AI Agents in Research Automation: A Comprehensive Review
Bhagyashri R. Wankar, Achyut Shinde, Bhavesh Choudhary, Kartik Aswar, Sonali M. Sonavane, Komal R. Jadhav
G H Raisoni College of Engineering & Management, Pune, India
Emails: bhagya.wankar@gmail.com, avshinde018@gmail.com, choudharybhavesh191@gmail.com, kartikaswar03@gmail.com, sonali.sonavane@raisoni.net, komal.jadhav@raisoni.net
Sagar Satish Gaikwad
Vice President, ACTIN Technologies, Pune, India Email: sagar.gaikwad2829@gmail.com
Abstract—Large language models have, somewhat quietly, pushed Retrieval-Augmented Generation (RAG) into the center of many research-oriented applications. The underlying idea is not particularly complicated. Instead of relying only on what a model absorbed during training, a RAG system reaches outward. It retrieves relevant information from external sources and then builds its response around that material.
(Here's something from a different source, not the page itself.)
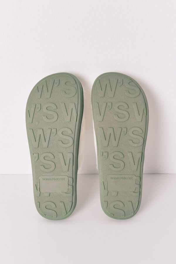 Zapatillas de estar por casa,cerradas con el interior estampado en cuadros vichy y la pala en textura de pelo. Ideal para complementar tus looks de estar por casa.

In theory, that sounds sensible enough. However, in practice, many conventional RAG setups still depend on relatively static knowledge bases. These repositories can age quickly, especially in domains where information shifts almost weekly. As a result, the system’s reasoning can feel narrow. Verification steps are often minimal, and incorporating newly emerging knowledge is, at times, more cumbersome than one might expect.
Because of these limitations, researchers have started looking beyond the traditional retrieval pipeline. Recently, attention has moved toward more agentic forms of AI-driven research systems. The ambition here is a little different. Rather than acting as passive tools that fetch documents and summarize them, these systems are designed to behave more like active research assistants. Work on agent-based reasoning, autonomous research workflows, multi- agent coordination, and self-correcting AI mechanisms hints at a more fluid research environment [?]. In principle, such systems attempt to reproduce some aspects of how human researchers actually work. They plan what to investigate, discover information in real time, examine documents more deeply, compare ideas across multiple sources, and occasionally check their own conclusions through iterative verification.
With that backdrop, this review looks closely at the emerging landscape of agentic research systems. The goal is to identify their strengths, the weaknesses that still persist, and the design patterns that appear to be taking shape. Some of these approaches do suggest meaningful improvements for AI-assisted research. Yet the picture is not entirely settled. Questions around reliability, scalability, and real-world deployment remain open, and perhaps they will continue to be for some time.
Index Terms—Agentic AI, Multi-Agent Architecture, Retrieval- Augmented Generation (RAG), Self-Correcting AI, Large Language Models, Information Retrieval, Document Intelligence.